Hier noch einmal gesondert der kritische Brief von P. Pricken:

DEMOKRATIE:
Wir müssen einfach schlucken?

Sehr geehrte Frau Merkel,
ich schreibe diesen Brief anlässlich eines Fernsehberichts, in dem Sie erklärt haben, den Europäischen Grundgesetzvertrag ohne wesentliche Änderungen einführen zu wollen. Ich möchte Sie hiermit daran erinnern, dass vor 2 Jahren in den Niederlanden und in Frankreich eine Volksbefragung stattfand. Das Ergebnis dieser Volksbefragung war eindeutig - und zwar in beiden Ländern. Die Mehrheit sprach sich gegen ein Europäisches Grundgesetz aus. (Anmerkung des Tippers.: Ich glaube die Mehrheit sprach sich eher gegen DIESES Europäische Grundgesetz aus).

Ich möchte Sie also fragen, wie Sie diese Tatsache und damit den Grundsatz der Demokratie mit Ihrem Vorhaben, das Gesetz trotzdem einführen zu wollen, in Einklang bringen wollen? Meiner Meinung nach bedeutet Demokratie, dass die gewählten Volksvertreter den Willen des Volkes ausführen sollten und nicht das Volk einfach zu schlucken hat, was die Volksvertretung sich einfallen lässt. Ich weiß, dass Deutschland unter dem Vorwand eine Demokratie zu sein ein verkappter Polizeistaat ist und meint, dem Rest des Europäischen Volkes vorschreiben zu können was sie zu tun haben.

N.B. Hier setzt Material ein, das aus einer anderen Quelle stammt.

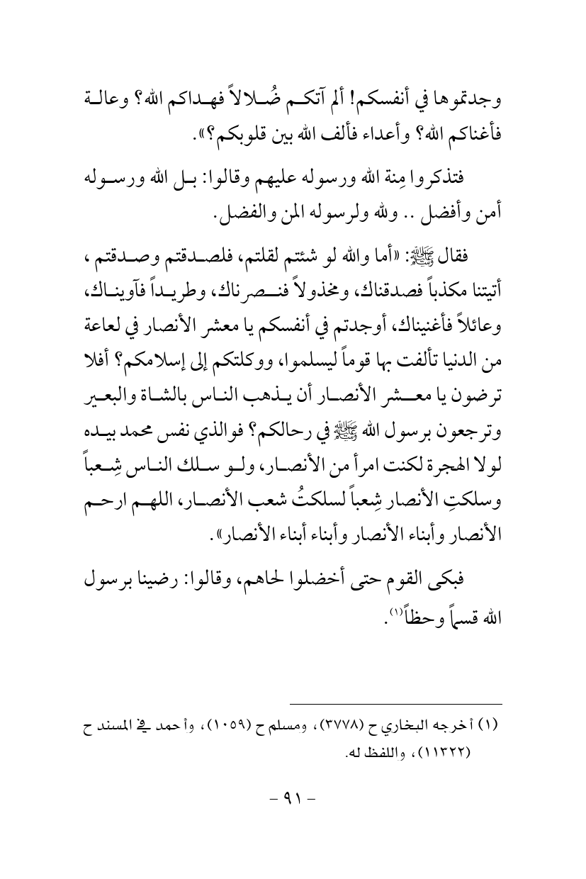 فقال - صلى الله عليه وسلم -: «أما والله لو شئتم لقلتم، فلصدقتم وصدقتم، أتيتنا مكذباً فصدقناك، ومخذولاً فنصرناك، وطريداً فآويناك، وعائلاً فأغنيناك، أوجدتم في أنفسكم يا معشر الأنصار في لعاعة من الدنيا تألفت بها قوماً ليسلموا، ووكلتكم إلى إسلامكم؟ أفلا ترضون يا معشر الأنصار أن يذهب الناس بالشاة والبعير وترجعون برسول الله - صلى الله عليه وسلم - في رحالكم؟ فوالذي نفس محمد بيده لولا الهجرة لكنت امرأ من الأنصار، ولو سلك الناس شِعباً وسلكتِ الأنصار شِعباً لسلكتُ شعب الأنصار، اللهم ارحم الأنصار وأبناء الأنصار وأبناء أبناء الأنصار».

Als Bürger der Niederlande weiß ich aber, dass in den Niederlanden die Demokratie noch funktioniert. Sollten Sie in Ihrem Vorhaben, den Europäischen Grundgesetzvertrag gegen den Willen der Bevölkerung einzuführen erfolgreich sein, so wird dies in der niederländischen Bevölkerung aus großen Widerstand stoßen, der, wie ich hoffe, bis zum zivilen Ungehorsam gehen wird.